One thing is clear: the efficacy of any message is a function of money. Yet, is the efficacy of a message the content of the message or the messenger? President Obama is known for having spent almost $750 million on his 2008 campaign for president. On January 1, 2008, there were 4,234 political action committees authorized by Congress to appease those who object to “big money”. These PACs are expected to spend $9.8 billion in 2012 with 57¢ of every dollar going to TV. The media, having an estimated equity value of about $1 trillion, sends out its messages on a daily basis in a form an ordinary person can hardly avoid, spending as he does at least 5 hours per day connected to the media in one form or another.
What does it say that so many favor curbs on spending in federal elections? What does it say about their confidence in democracy? Does it say that, if you don’t like the message, get rid of the messenger? Does it say that they can trust some government agency to decide what messages are good or bad or in the public interest? If they believe the electorate is not competent to filter out disinformation and messages they find unsatisfactory, is it because they do not support democracy but rather a form of government where wise people in power with access to more information will make better decisions for the electorate than it can make for itself.

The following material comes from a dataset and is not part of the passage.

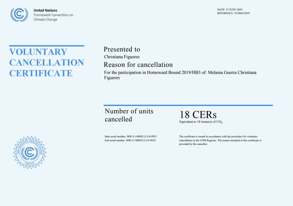 An example of the United Nations certificate is shown below. It shows your name, the amount of carbon offsets you have purchased, and serial numbers of the offsets that have been cancelled for you. When the UN cancels your offsets, they also create a public record of this cancellation on their website. You can use the certificate in combination with this public entry as proof that you have offset your emissions. This proof is often required under official carbon neutral schemes in case you want to go down this path.

Are we to assume that the average voter is incapable of resisting the persuasive content of political advertisements? You may not like big money in politics but are you willing to admit that you, a sovereign voter, are powerless to overcome its consequences? What is wrong with allowing American people to make up their own minds? If you disagree, you have to believe the average voter cannot be trusted to make up his own mind. This requires that you select some other person to make it up for him. This is the end of freedom and the best case for doing away with democracy all together. This also explains James Madison’s comment above.
We believe, as long as contributions and expenditures are disclosed promptly, that voters can deal with this information in a responsible way and that the existing layers of law and regulation serve only to obfuscate who is really behind a particular candidate. Moreover, the complexity of election rules chills the number of candidates willing to run. It is a grim observation that no person should run for federal office without a good lawyer and a good accountant. We cannot be proud that the hurdles facing candidates for federal office deny us many potentially good leaders.
We also believe the First Amendment has no favorites. We believe any form of restrictions on the ability to broadcast messages is a form of unlawful discrimination, motivated by fear of the message and not fraud or corruption which can be dealt with by more traditional means.